I also plan to make the server action accessible from the front end ( via button) which currently can only be defined by developer in python file under server folder. in Odoo the server action can be made available via button under the More context menu in the front end form.

Before my local development become a new pull request, I would like to get the community’s feedback concern the real use cases, and further concerns and requirement, I will base on all the info to refine the design and documentation accordingly, I really like it to be part of v11!

1 Like

Today I managed to make it work for front end button to call the server action, with this feature SaaS user can do almost all heavy customizing as required, anyone interested in this feature? Any use case, or concern, should I setup a new bounty?

3 Likes

I think this could be very useful feature. Looking at issue, mentioned by @revant_one, I noticed it’s added to January 2018 milestone. Does it mean that somebody is already working on it?

Edit: apparently shreyashah115 is working on it as she is assignee.
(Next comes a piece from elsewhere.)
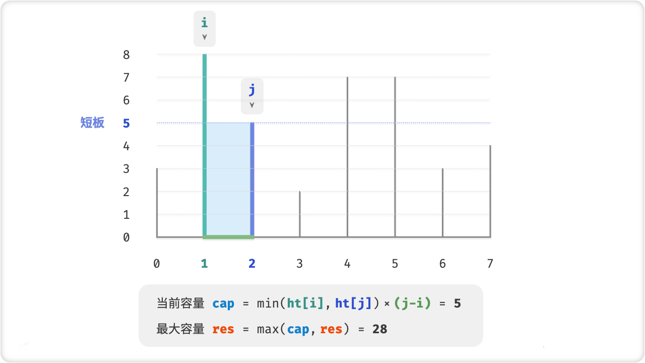 容器的容量等于高度和宽度的乘积(即面积),其中高度由较短的隔板决定,宽度是两个隔板的数组索引之差。

Please follow the GitHub issue link posted by Revant. In the discussion thread of that GitHub issue, Maxwell Morais has a link to a youtube screencast of his solution. Kindly review and comment further.

1 Like

Thanks for the update. Here is the video: Improvements in Coreflow UI Engine - YouTube

strixaluco, thanks for the sharing, I just watched the video, it implemented a very user friendly way of generating the custom script, so it is a feature for enhancing the existing custom script (javascript), make it more easy to customize custom script.

but my proposed feature is on server side in Python, it works like below

  1. user create custom server action with python code to be called from custom button on the form, or auto called/triggered when user click the standard SAVE/Submit button
    small tips for python code
    no function definition allowed,
    input and return arguments to be passed via frappe.local.form_dict
    the return value to be passed via frappe.local.form_dict.update(‘custom_server_action_out’: data})
  2. if it is called via the custom button, in the callback function, point the method to be called to the custom server action
    like method: ‘custom_server_action.make_purchase_receipt’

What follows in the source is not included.